The main objects in a PyEPO training pipeline are:

  • pyepo.dsl: define the problem symbolically once and compile it to any backend.

  • optModel: an optimization model with fixed constraints and a predicted linear objective.

  • optDataset: a dataset that stores features, costs, optimal solutions, and optimal objective values.

  • pyepo.func: PyTorch training methods that call the optimization model during training.

  • pyepo.func.jax: JAX versions of the training methods.

  • pyepo.metric: decision-quality metrics, including regret and unambiguous regret.

Backends and Training Methods

PyEPO builds optimization models with GurobiPy, COPT, Pyomo, Google OR-Tools, and MPAX (a JAX-based solver for GPU batch solving), and exposes them through PyTorch and JAX training frontends. Training methods are grouped into the following families:

  • Surrogate losses: smart predict-then-optimize+ (SPO+), perturbation gradient (PG)

  • Perturbed methods: differentiable perturbed optimizer (DPO), perturbed Fenchel-Young loss (PFYL), implicit maximum likelihood estimator (I-MLE), adaptive implicit maximum likelihood estimator (AI-MLE)
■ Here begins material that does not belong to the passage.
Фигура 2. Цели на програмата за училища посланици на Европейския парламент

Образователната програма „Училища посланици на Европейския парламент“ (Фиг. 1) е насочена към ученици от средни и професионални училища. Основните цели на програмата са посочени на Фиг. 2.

  • Regularized methods: L2-regularized Frank-Wolfe (RFWO), L2-regularized Frank-Wolfe with Fenchel-Young loss (RFYL)

  • Black-box methods: differentiable black-box optimizer (DBB), negative identity backpropagation (NID)
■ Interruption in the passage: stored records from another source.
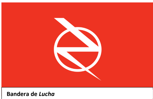
Bandera de Lucha

Muoi (Octubre) como órgano teórico y el Ta doi lap tung thu (Ediciones de la Oposición de Izquierda) difundiendo clásicos marxistas en vietnamita. Fue quebrado por la represión en 1932: la policía política detectó las «imprentas». 65 militantes y simpatizantes fueron detenidos, unos treinta en Saigón 6 . El movimiento de masas estaba en un fuerte reflujo, casi aniquilado por la reacción francesa.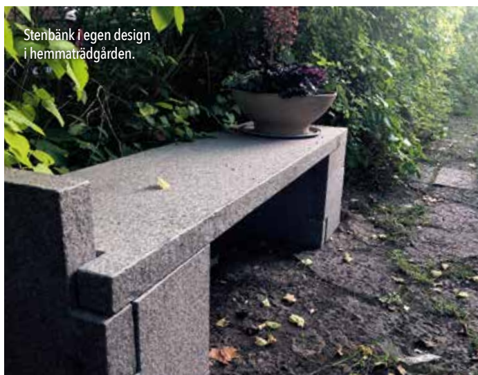
Stenbänk i egen design i hemmaträdgården.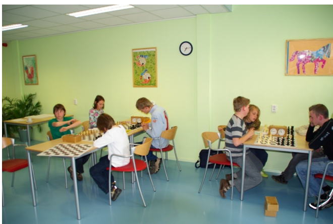
Eerste clubavond in Schreuder

  • Cone-aligned estimation: cone-aligned vector estimation (CaVE); binary linear programs only, with binding constraints extracted by a Gurobi-backed model

  • Contrastive methods: noise contrastive estimation (NCE), contrastive MAP (CMAP)

  • Learning to rank: pointwise, pairwise, and listwise learning to rank (LTR)

For guidance on picking a method, see the Choosing a Method section of Training Methods.

Publication

PyEPO is the official implementation of the paper PyEPO: A PyTorch-based End-to-End Predict-then-Optimize Library for Linear and Integer Programming (Mathematical Programming Computation, 2024).

Citation

If you use PyEPO in your research, please cite it; the BibTeX entries are collected in Citation and References.